Data-Driven User-Type Clustering of a Physical Activity Promotion App: Usage Data Analysis Study

JMIR Form Res. 2022 Aug 1;6(8):e30149. doi: 10.2196/30149.

Abstract

Background: Physical inactivity remains a leading risk factor for mortality worldwide. Owing to increasing sedentary behavior (activities in a reclining, seated, or lying position with low-energy expenditures), vehicle-based transport, and insufficient physical workload, the prevalence of physical activity decreases significantly with age. To promote sufficient levels of participation in physical activities, the research prototype Fit-mit-ILSE was developed with the goal of making adults aged ≥55 years physically fit and fit for the use of assistive technologies. The system combines active and assisted living technologies and smart services in the ILSE app.

Objective: The clustering of health and fitness app user types, especially in the context of active and assisted living projects, has been mainly defined by experts through 1D cluster thresholds based on app usage frequency. We aimed to investigate and present data-driven methods for clustering app user types and to identify usage patterns based on the ILSE app function Fit at home.

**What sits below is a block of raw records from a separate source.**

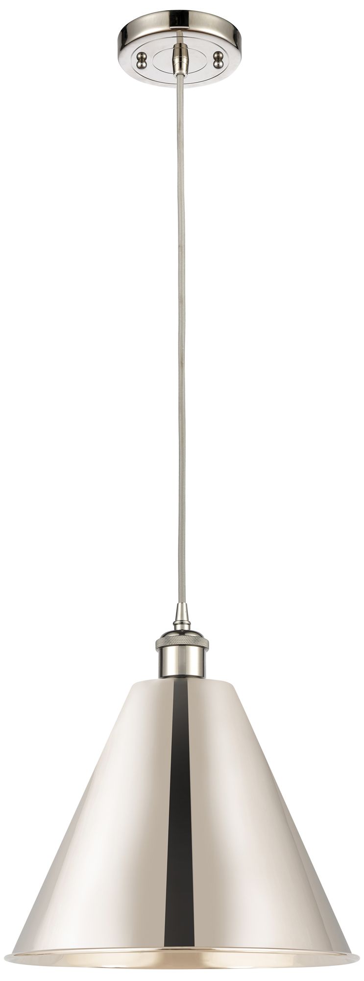 Ballston Cone 12"W Polished Nickel Corded Mini Pendant w/ 12" Sha
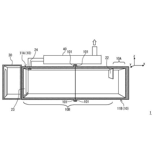 図3の構造において、訓練対象者Hは右側の煙調整フラッパー22と左側の扉23の間に位置し、所望の訓練作業をすることができる。この際、燃焼が発生しているのは煙調整フラッパー22よりも右側となるため、本体部90の内部の空間は、煙調整フラッパー22を境界として、その右側(x方向正側)が燃焼部90A、左側(x方向負側)が訓練室90Bとなる。本体部90においては、訓練室90Bにおける扉23の近くの天井には排気口24が設けられ、排気口24を介して排煙処理部40が連結されている。この構造により、濃煙Sは煙調整フラッパー22の下側を通って燃焼部90Aから訓練室90Bの天井側を図中左側に向けて流れる。
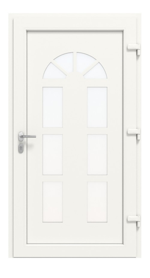 • Konstrukcja: izolowany termicznie profil wielokomorowy w ramie osłonowej i skrzydle z wyjątkowo odpornego na uderzenia PVC, skrzydło drzwiowe z wysoko izolującym wypełnieniem z tworzywa sztucznego typu sandwich z rdzeniem MDF 4 mm, grubość wypełnienia: 30 mm, uszczelki obwodowe
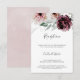 Cette carte d'encarts de réception de mariage romantique à fleurs est parfaite pour un mariage élégant. Le design boho rustique moderne présente des fleurs d'aquarelle romantiques dans des tons doux de bordeaux, mauve, rose rousse et blanc crème avec des feuilles verts. Personnalisez cette carte détaillée de boîtier avec vos informations de réception et incluez également votre adresse de site mariage !
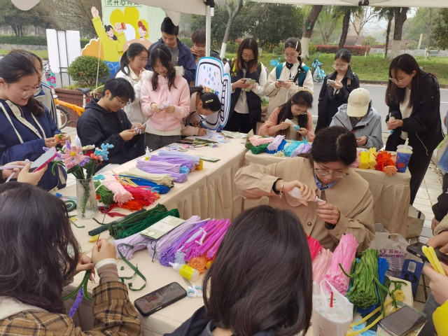 3月31日,由beat365亚洲体育官方网站心理健康中心主办、各二级公司心理辅导站协办的“五育润心·沐光同行”心理嘉年华活动在合一广场顺利举行。旅社院围绕“以美润心、以手育心”理念,精心策划开展“扭扭棒花朵DIY疗愈工坊”活动,吸引众多员工热情参与,在春日校园中营造出温暖共行的心理育人氛围。
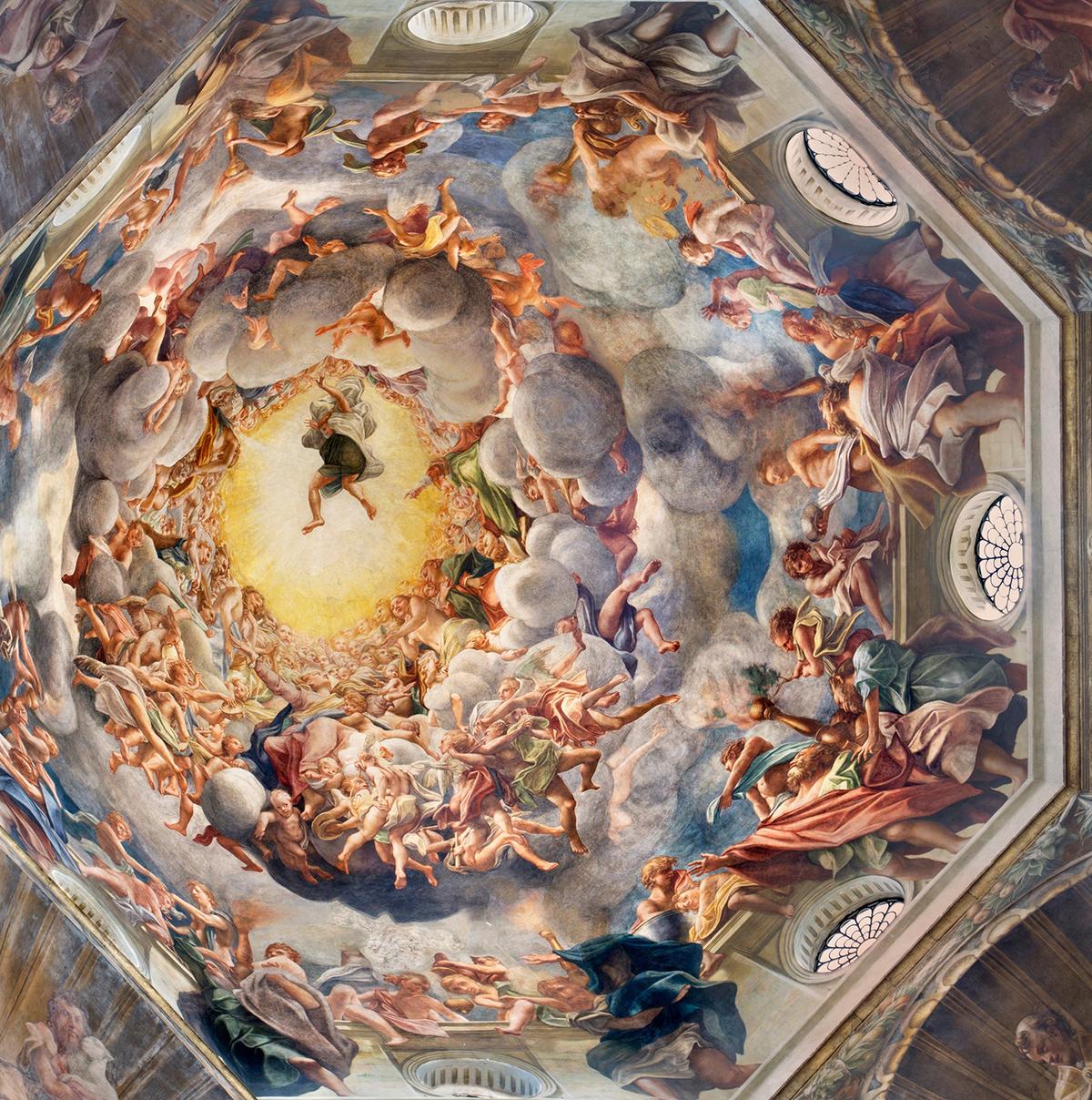 頭頂上描繪的情景是聖母瑪利亞升天。柯勒喬將她繪製在圓頂的西側,不是中央,這樣到訪者就可以從中殿通往祭壇的樓梯上看到她。瑪利亞穿著粉紅色的長袍和藍色的斗篷;身處光彩奪目,四周都是天使、小天使和雲朵看似無限延伸的螺旋當中。
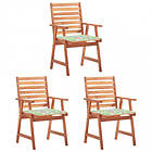 vidaXL Trädgårdsstolar 3 st med dynor massivt akaciaträ 3064359
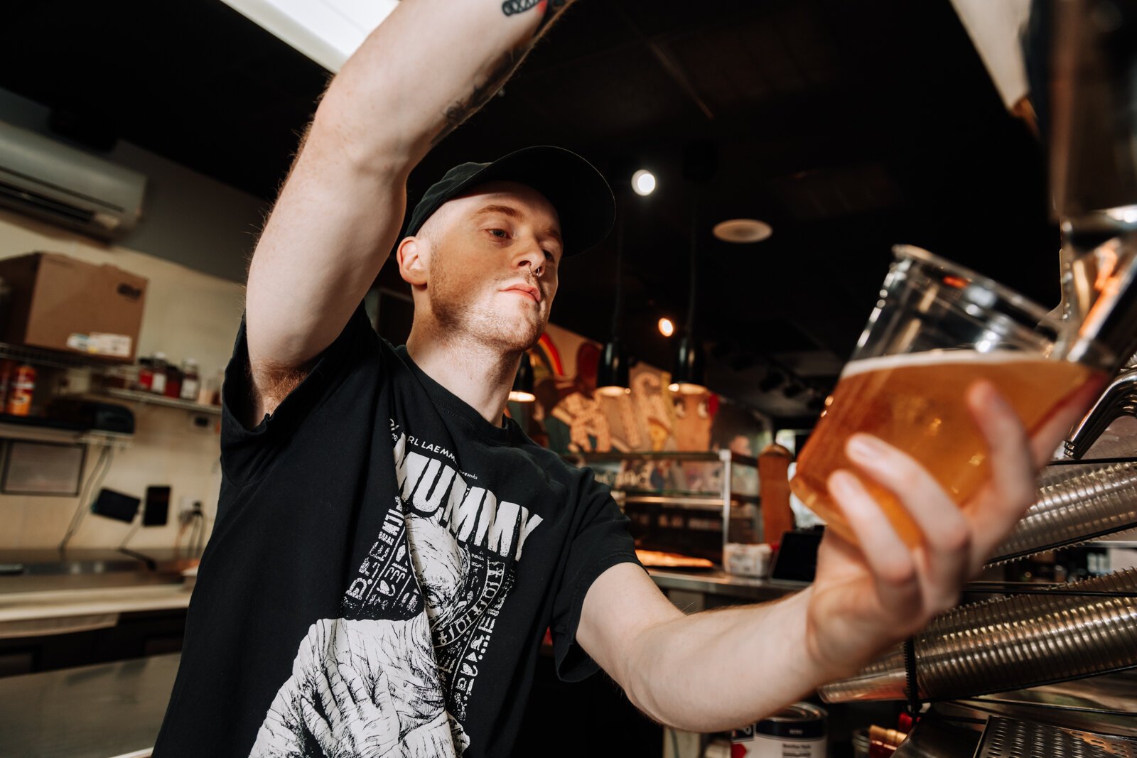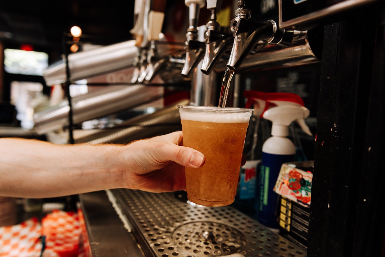 Pint & Slice Manager Tristan Wright pours a Miller Lite. Pint & Slice is one of several businesses that will participate in the Downtown DORA.
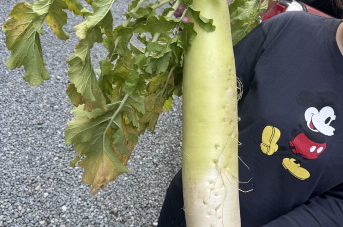 先日、村内に仕事に来られている建設会社のおじ様から大きい大根と白菜をいただきました😳‼️ 時々、色々な野菜や果物など持ってきてくれ...
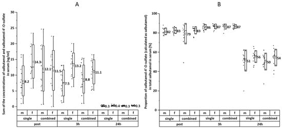 (A) Total salbutamol concentrations in serum calculated as sum of parent compound and salbutamol-4′-O-sulfate and (B) proportion of salbutamol-4′-O-sulfate (as % of the total salbutamol) in samples collected directly after exercise (post), after three hours (3 h), and after 24 h (24 h). Subgroups represent data from trials after single dosage of salbutamol (single) or a combined dosage of salbutamol and formoterol (combined). Data from male (m) and female (f) participants are presented separately. Individual data points are shown left to box. Labeled empty squares in the box represent mean values, solid line in the box is median, and upper and lower ends of box represent SD. Whisker shows maximum and minimum values of data range in (A) and confidence interval (p = 0.01) in (B).
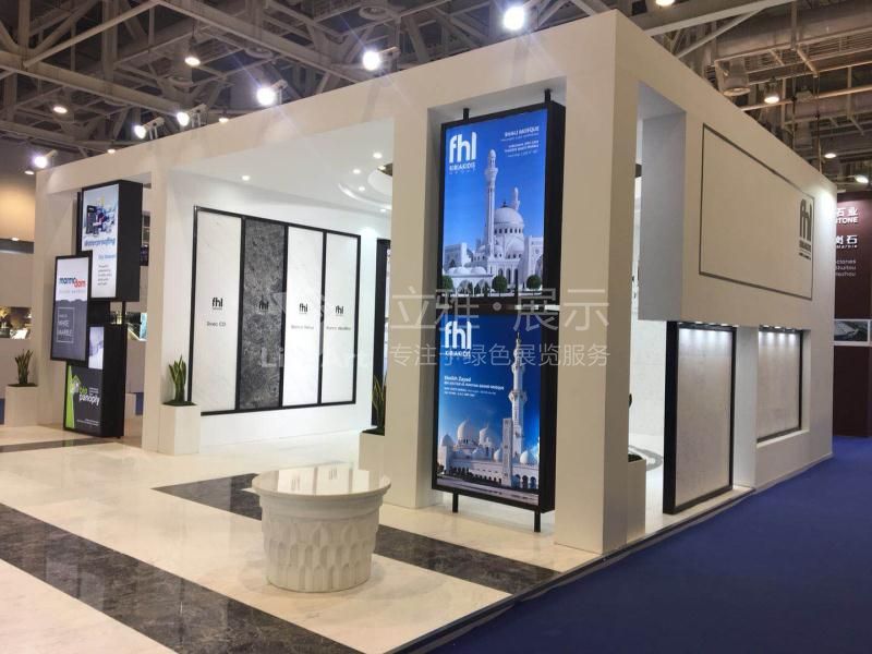 此次廈門石材展展臺搭建主要展現(xiàn)鋁型材與高清熱轉(zhuǎn)印布飾的完美結(jié)合,傳統(tǒng)木結(jié)構(gòu)造型與熱轉(zhuǎn)印布高精畫面的完美展現(xiàn)。方正簡潔的展臺搭建造型也能搭建出大品牌展位既視感,時尚大氣而不失平庸,并趨向國際化現(xiàn)代展臺設(shè)計風格。立雅以“誠信”為原則,以“客戶需求”為中心,為客戶提供量身定制的展臺設(shè)計搭建方案,廣州立雅,您身邊的展覽管家!
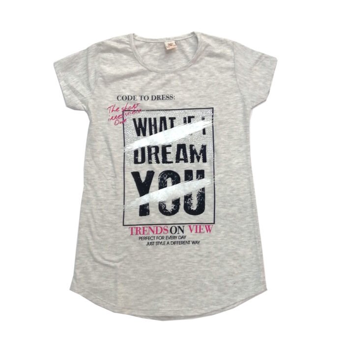 Siva majica za devojčice kratkih rukava sa natpisom – moderna, udobna i praktična.

Methods: During the 2 phases of the field trials, ILSE app log data were collected from 165 participants. Using this data set, 2 data-driven approaches were applied for clustering to group app users who were similar to each other. First, the common approach of user-type clustering based on expert-defined thresholds was replaced by a data-driven derivation of the cluster thresholds using the Jenks natural breaks algorithm. Second, a multidimensional clustering approach using the Partitioning Around Medoids algorithm was explored to consider the detailed app usage pattern data.

Results: Applying the Jenks clustering algorithm to the mean usage per day and clustering the users into 4 groups showed that most of the users (63/165, 38.2%) used the Fit at home function between once a week and every second day. More men were in the low usage group than women. In addition, the younger users were more often identified as moderate or high users than the older users, who were mainly classified as low users; moreover, the regional differences between Vienna and Salzburg were identified. In addition, the multidimensional approach identified 4 different user groups that differed mainly in terms of time of use, gender, and region. Overall, the younger women living in Salzburg were the users with highest average app usage.

Conclusions: The application of different clustering approaches showed that data-driven calculations of user groups can complement expert-based definitions, provide objective thresholds for the analysis of app usage data, and identify groups that can be targeted individually based on their specific group characteristics.

Keywords: Jenks natural breaks algorithm; Partitioning Around Medoids algorithm; active and assisted living; app usage; cluster analysis; physical activity promotion; usage groups.